Characterization of Soil Hydraulic Properties from Morphological Features and Land Use.
Xiaobo Zhou, The Pennsylvinia State University, 116 ASI Building, University Park, PA 16802, Hangsheng Lin, Pennsylvania State Univ., University Park, PA 16802, and Ed White, USDA-NRCS, One Credit Union Place, Ste 340, Harrisburg, PA 17110.
The estimation of soil hydraulic properties is a critical step in understanding and quantifying water flow and solute transport in the vadose zone, and their knowledge is essential for runoff/erosion control, ground water quantity and quality protection, watershed management, land use planning, precision agriculture, and ecosystem functions. Soil hydraulic properties are affected by soil properties and land use, hence a dynamic soil properties database including use-dependent soil properties will benefit diverse agricultural, environmental, and ecological applications. Our study characterizes and compares the surface and subsurface hydraulic properties soil properties of various soil series under different land uses, using in situ and laboratory measurements. Four soil series with contrasting textures and parent materials were selected. For each soil series studied, four distinct land uses (woodland, pasture, cropland, urban) were chosen to investigate the impacts of land use on soil hydraulic properties.
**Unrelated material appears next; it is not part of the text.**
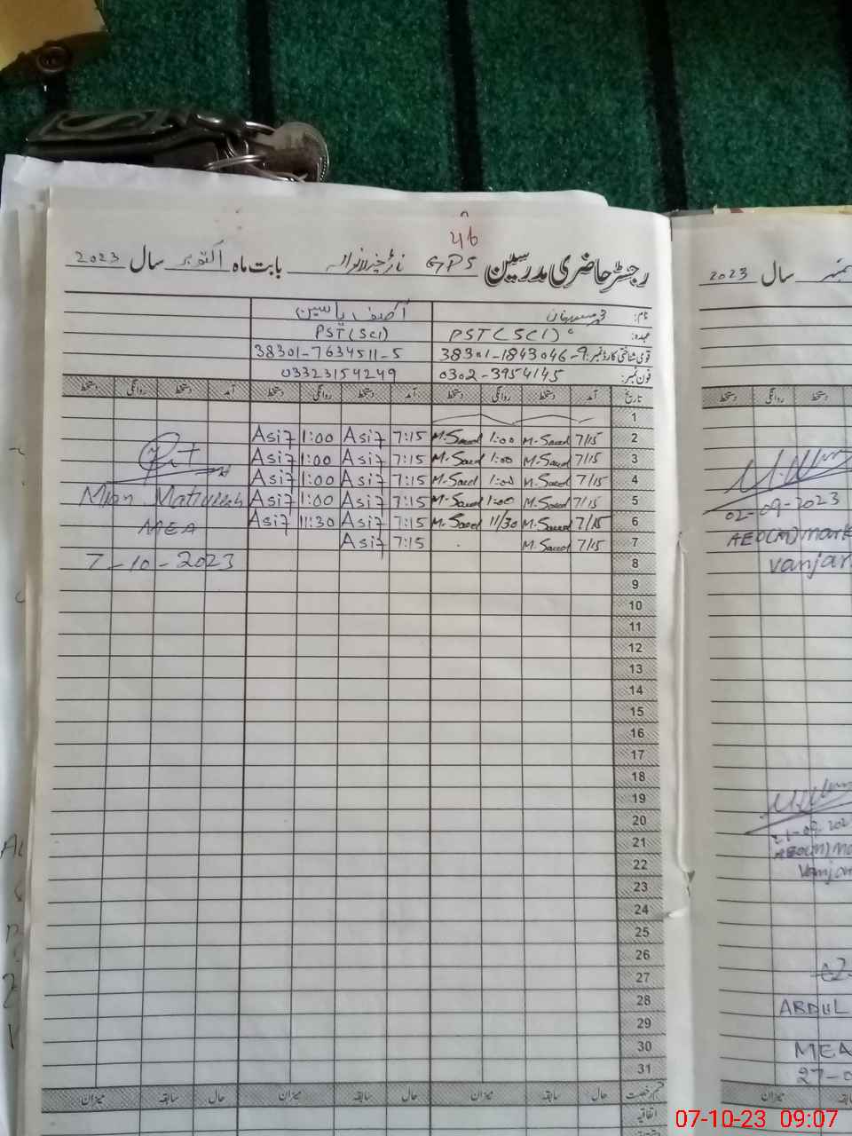 | Name: As**** Ya**** Designation: (School Headmaster's/Headmistress's) PST Phone/Cell Number: 03**** |

The soil core samples were collected at each infiltration site to determine surface and subsurface saturated hydraulic conductivities in the laboratory. Other soil properties of each site, including initial soil moisture, bulk density, soil structure, macroporosity, and root density, were also investigated to help understand and interpret the hydraulic properties difference among different soil series and land use, as well as their temporal changes.The results showed the influence of various macropore sizes in different soils on soil hydraulic conductivity. The sandstone-derived Joanna and Morrison series generally had considerable higher water conductivities than the schist-derived Glenelg. Glenelg soil has a platy structure that inhibits infiltration as compared to the Morrison sub-angular blocky structure causing more infiltration. The infiltration rates in spring season were generally greater than those in fall season, particularly in cropland.